Do you think Bob Quinn neglecting to interview McDaniels is a knock against him as a candidate? Gotta imagine BQ knows him just as well as he does Matty P. Seems odd that he wouldn't at least give him a look.— Robert Wagner (@rbrtow) January 12, 2018
It speaks volumes that the Lions didn't request an interview with the Patriots offensive coordinator. When Quinn was hired by the Lions in 2016, he said Josh McDaniels was ready to be a head coach again, but apparently didn't feel strongly enough about those qualifications to talk to him about the opening in Detroit.
Can we establish a metric to gauge Quinn in 2-4 years from now on his decision to fire Caldwell and hire a new HC? IMO, Caldwell's marks of a winning record and 2 playoff appearances in 4 years is a realistic baseline. What's your view?— Mason Golden (@goldenmaso) January 12, 2018
Yes, wins and losses will be the metric. If the Lions remain without a division title or playoff win in four years, you're probably looking at another overhaul of both the front office and coaching staff.

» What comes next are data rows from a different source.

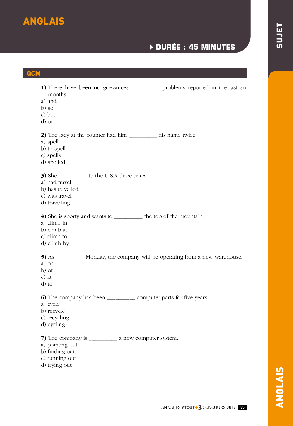 Concours ATOUT+3 2017 - Anglais 2 (Sujet)
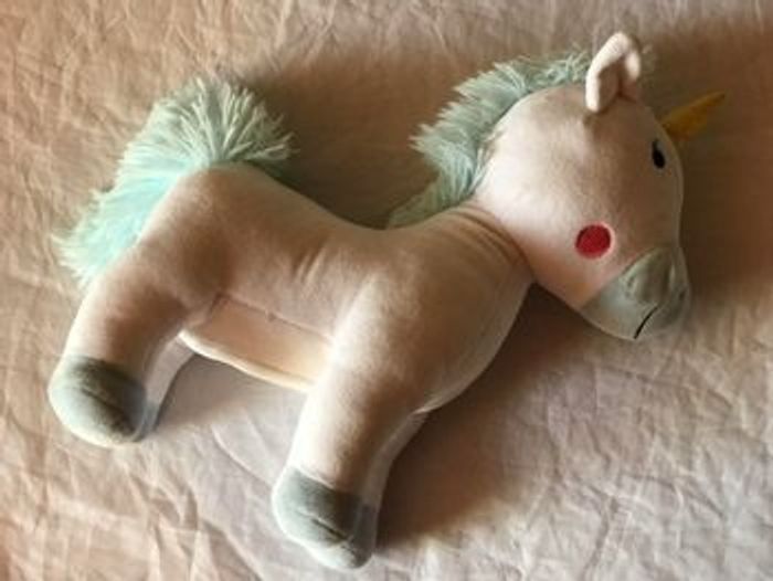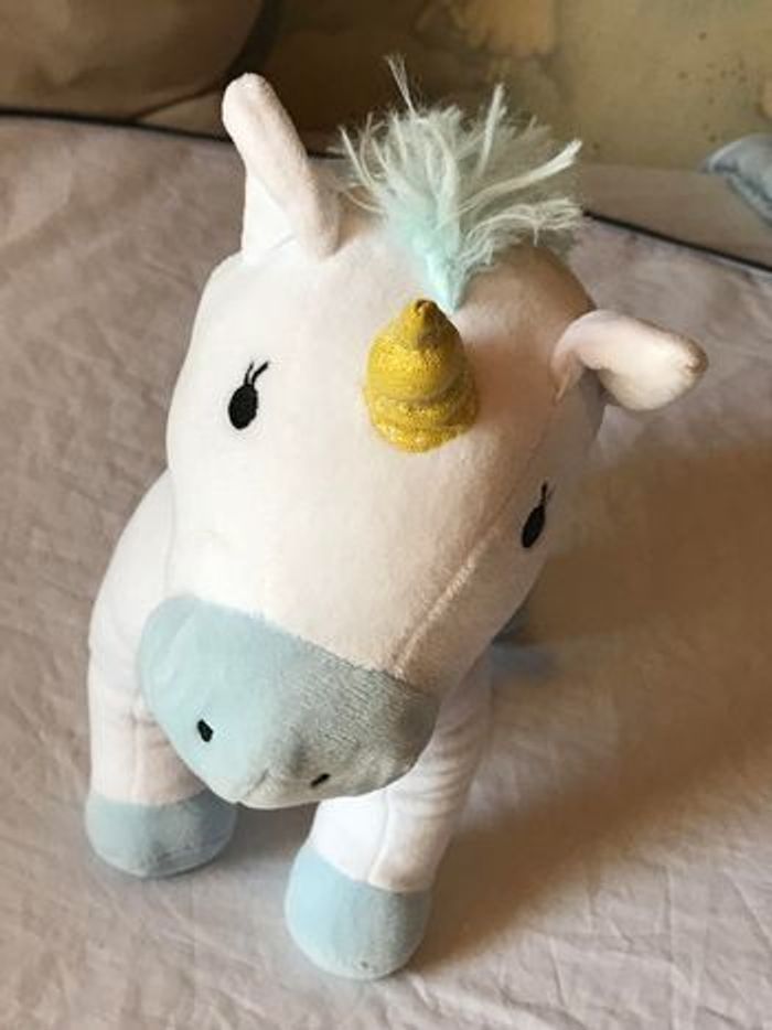 Licorne Blanche Crinière Queue Pattes Museau Bleues Claires Corne Jaune Peluche Petits Enfants Bébés - photo numéro 1
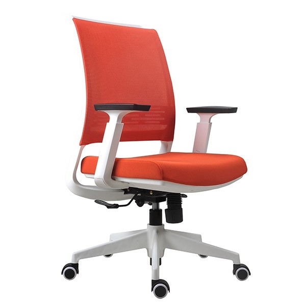 PISARNIŠKI STOL DEV je preprost pisarniški stol oblazinjen s kvalitetno mrežno tkanino. Moderen videz mu nudi oranžna barva, ki bo vašo pisarno naredila bolj zanimivo in energično. Stol je obogaten z večpozicijskim nagibnim mehanizmom, ter je vrtljiv in nastavljiv po višini tako da boste sigurno našli pozicijo za delo katera vam najbolj ustreza!
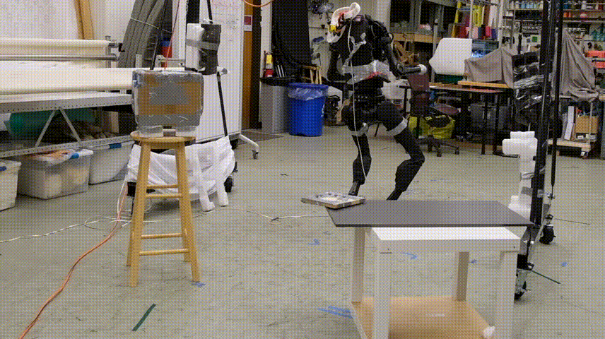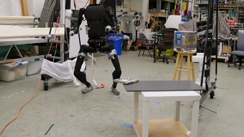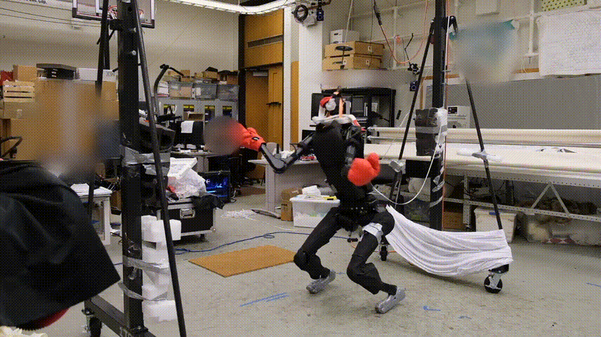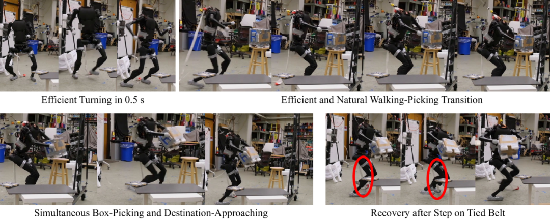 结果:如上图所示,人形机器人可以高效转弯,在行走和拾取之间无缝过渡,并在拾起箱子的同时接近目的地。踩到绑在身上的皮带后,它还可以恢复,展现出很强的稳健性。
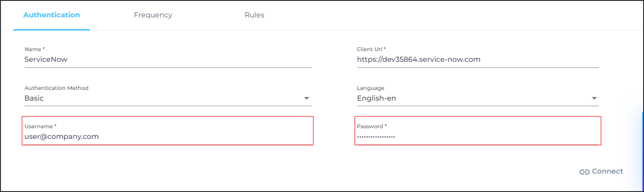 If you selected Basic, enter your ServiceNow instance Username and Password.
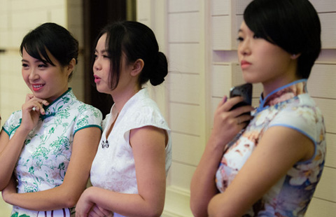 Contestants wear chi-pao in the final of 'Woman who has both ability and integrity' in Guangzhou, Guangdong province, Sept 27, 2014. Ten of 200 entrants reached the final after two months' selection.
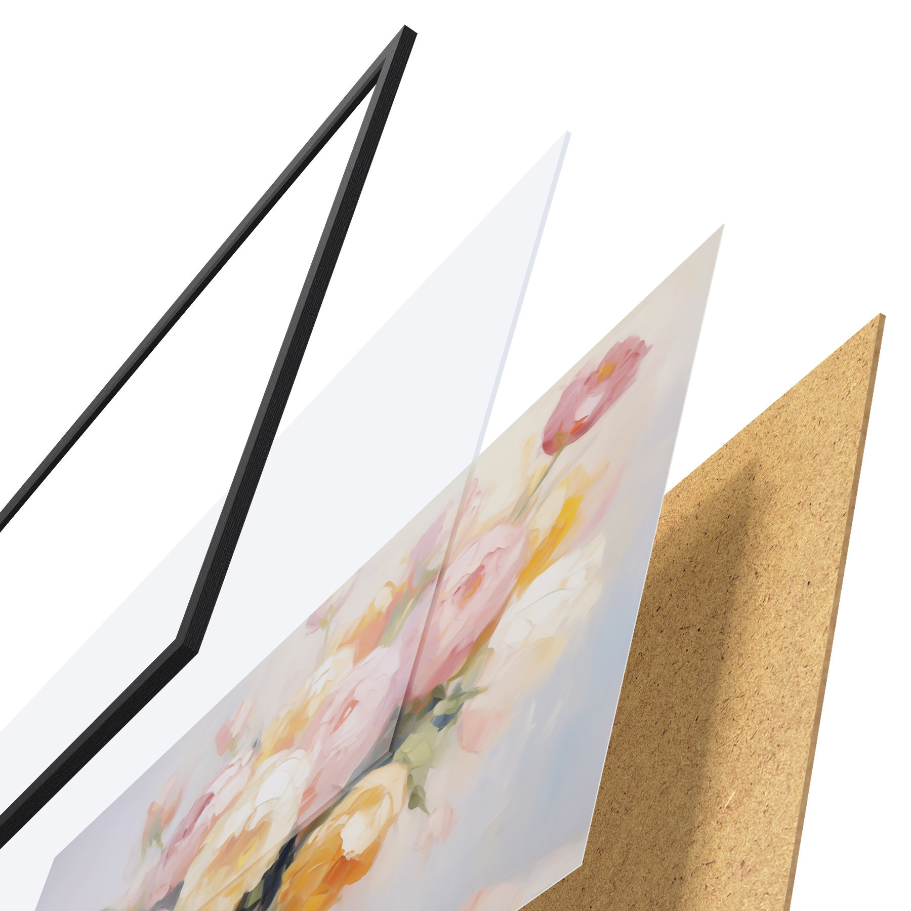 Plakát se skládá z rámu, plexiskla, tištěného obrazu a dřevotřískového podkladu. Díky úchytům na zadní straně lze plakát ihned zavěsit na zeď.

Have you seen anything during this process that indicates Quinn is better suited to hire a new coach than previous Lions front offices?— Too Fly T (@fly3491) January 12, 2018
Your skepticism has merit. Let's face it, Quinn hasn't hired a coach before and never went through a coaching search in New England. It doesn't mean he can't be successful, but there's no precedent there.
If you want some optimism, Thomas Dimitroff, Quinn's former boss in New England, has done well with his two hires in Atlanta. Mike Smith posted a 66-46 record and won two division titles in seven seasons. Smith's replacement, Dan Quinn, led the team to the Super Bowl in his second season and has them in the divisional round again this season.